Diesmal war ich da. Diesmal konnte ich es.
Und sie waren gut wie immer, oder besser als je zuvor. Wenn ich in Georgette Dees Gesicht sah, dann trug es inzwischen unser beider Verlust von Jugend. Und ihre Worte eine Reife, die zum Gin im schweren Glas und zu allen zurückgelegten Wegen passten. Mag sie möglicherweise privat auch eine schwierige Diva sein, da oben ist sie groß und nur die Angezündeten können Menschen bewegen. Mit jedem Scherz, jeder inszenierten Attitüde, hinter der sich ein messerscharfer Schnitt versteckt. Mit jeder Leichtigkeit, der wuchtige Schwere folgt. Und Gnadenlosigkeit. Wenn man verstehen kann, was dieser kluge Kopf dort oben, gut pointiert erzählt. So weitab von Mittelmaß.

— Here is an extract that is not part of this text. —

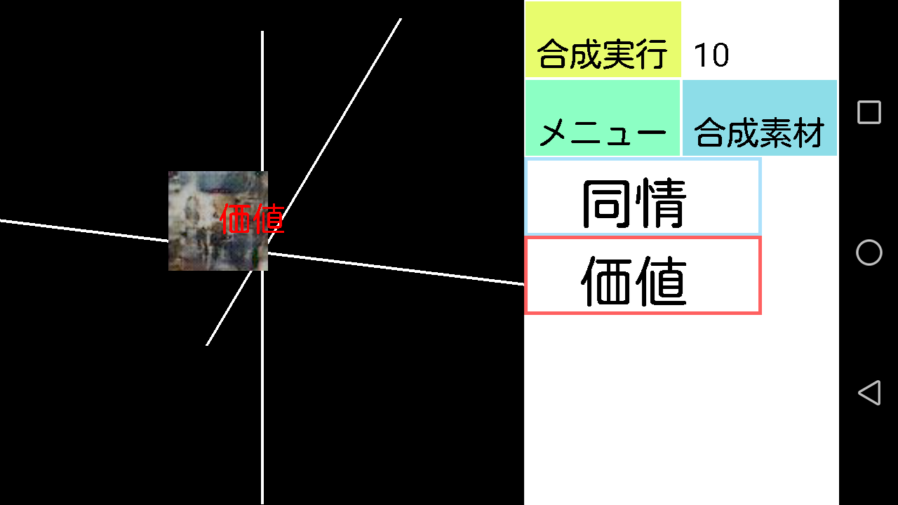 ・「言葉1」と「言葉2」の平均に一番近い「言葉」が合成後の「言葉」です。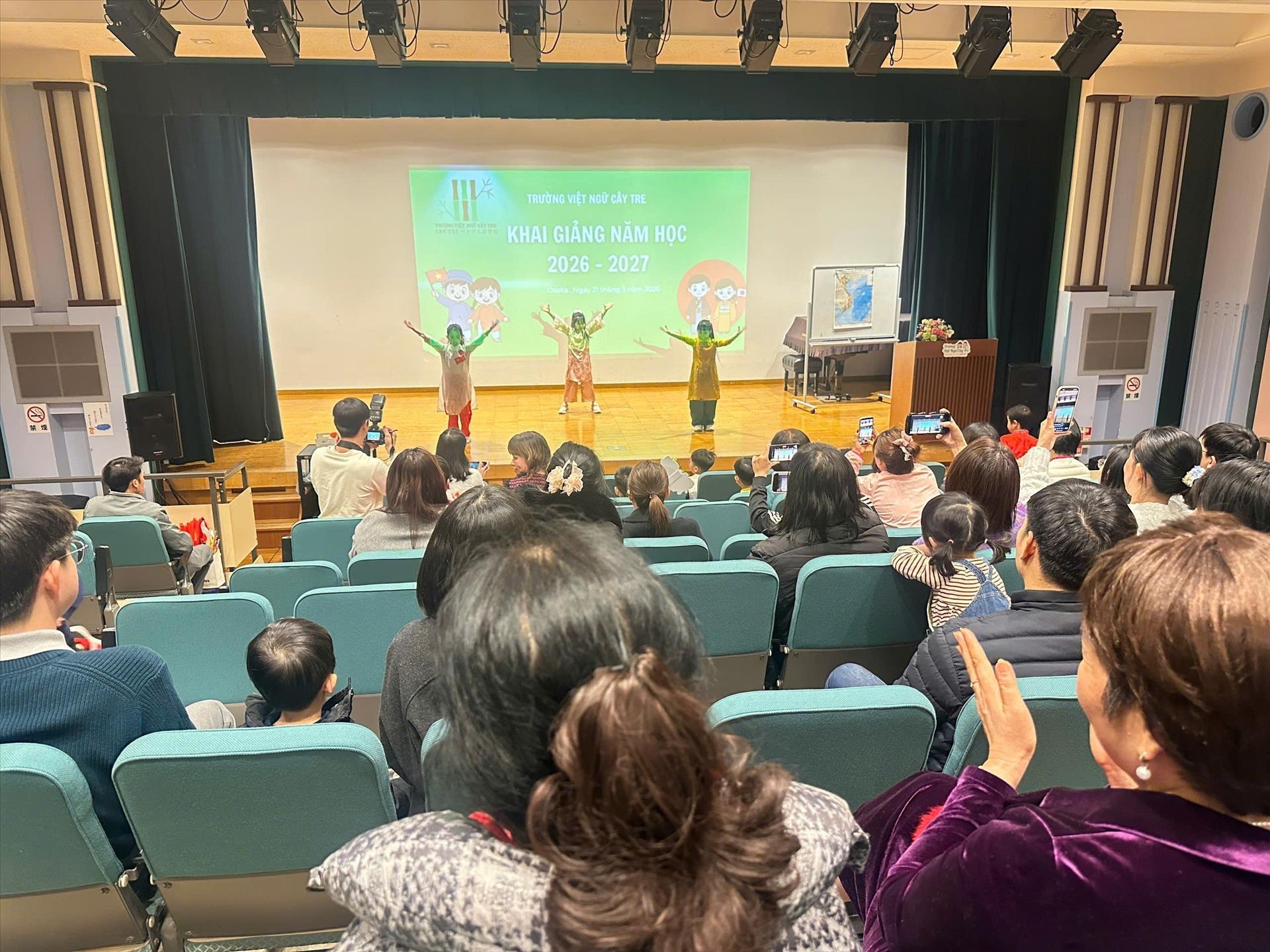Ngày 21/3, tại Trung tâm Văn hóa thành phố Higashi Osaka (Nhật Bản), Trường Việt ngữ cộng đồng Cây Tre đã tổ chức lễ khai giảng khóa K5, chính thức bắt đầu năm học 2026 trong không khí trang trọng và ấm cúng. Tham dự buổi lễ có ông Nguyễn Đăng Hoàng, đại diện Tổng Lãnh sự quán Việt Nam tại Osaka, cùng đông đảo phụ huynh, học sinh trên địa bàn, đại diện các lớp tiếng Việt tại thành phố Yao và lớp “Em yêu tiếng Việt”.

Den Traum vom Seemann und dem Prinzen und der Leidenschaft aus beiden. Von jedem ersehnt, im Leben immer bezahlt, ganz unmärchenhaft und real. Es träumt sich selten ungesühnt. Das weiß Georgette und schafft es im nächsten Augenblick „I will allways love you“, so reif und umwerfend ehrlich zu interpretieren, wie man diesen Housten Song noch niemals gehört hat. Ohne Schnickschnack und BlingBling, ohne entsetzliche Höhen, dafür mit aller Tiefe. So niemals. Je. Zuvor. Gehört.

Sie säuft sich wie früher über den Abend und es gibt kaum eine, die das so darf wie sie. Weil es so viele gibt, die selbst stocknüchtern nicht ihre Gingetränkte Wortgewaltigkeit erreichen könnten und ihre Lieder. Samtenschwer und unvergleichlich wie ihr Ausdruck. Und alle Einsamkeit, die sie erahnen lässt. Auch die eigene, die in den Rängen. Auf jedem Sitz, auf jedem Platz. Weil wir verdammt nochmal alle erst in den letzten 5 Minuten auf dem sinkenden Schiff, wirklich dazu bereit sind, alles an Liebe und Worten zu geben und zu nehmen, wozu wir sonst nicht fähig sind. Nicht seien können. Jetzt noch nicht. Keiner.

Am Piano Terry Truck, immer im Hintergrund und doch ganz weit vorne. Ununterbrochen den Raum in perfekte Melodien tauchend, in einen wundervollen Klangvorhang, der alles trägt und alles ummantelt. Der für sein Können, seine Professionalität, seine Zurückhaltung und so manches mehr zu verehren ist. Was wäre das Laute ohne das Leise, das Ungezügelte ohne Verbindlichkeit, das Drama ohne die Stabilität?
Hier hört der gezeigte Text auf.